There are some major differences between the state MRMIP (Major Risk Medical Insurance Program) and the new federal high-risk program.

The state program currently has a $75,000 annual limit, and a lifetime limit of $750,000. That goes away with the federal version, according to Jeanie Esajian, MRMIB’s deputy director of legislative and external affairs.

“There is no annual or lifetime cap on benefits (with the federal plan),” Esajian said. “And there’s a $1,500 calendar year deductible, except for preventive care. The California program, it’s at $500.”

But that elimination of an annual or lifetime cap — which fits the national health care reform model — does not apply to the 7,100 people currently enrolled in the state plan. And patients in the state plan aren’t allowed to just switch high-risk coverage to the federal version.

“We can’t grandfather people into the federal high-risk pool,” she said. “Patients need to be 6 months bare of coverage to qualify.”

At first, Esajian said, the plan was to fold the federal program into the two-decades-old state program. “We thought we’d be running one pool, but we’re going to run these pools side by side.”

The biggest difference, though, is that the current state system pools coverage from Kaiser, Anthem Blue Cross and other health insurance organizations.
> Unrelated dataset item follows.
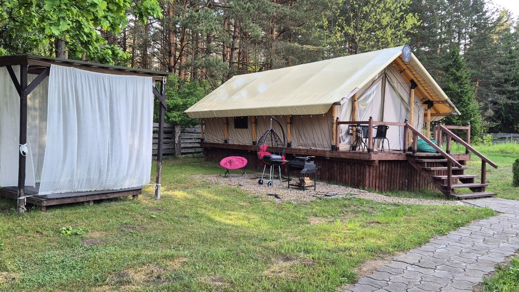 Глэмпинг "Кабан" с балконом и с красивым видом из окна

The new federal plan will be a PPO, which means the program is basically its own insurance company, using a PPO provider pool of physicians, hospitals and other providers, as well as setting up a pharmacy benefit manager.

“The overall benefit design would be similar to what we’ve been doing,” Esajian said. “But the structure is really different, so it’s taking us a little longer to set it up.”

And the last big change, she said, is that the state pays a smaller share in the current plan than the federal government pays in the new plan. It goes from 40-60 to a 65-35 split. That is, the state currently puts in 40% of policy coverage, with subscribers picking up 60%. Under the federal plan, the federal government pays 65% and subscribers only pick up 35%.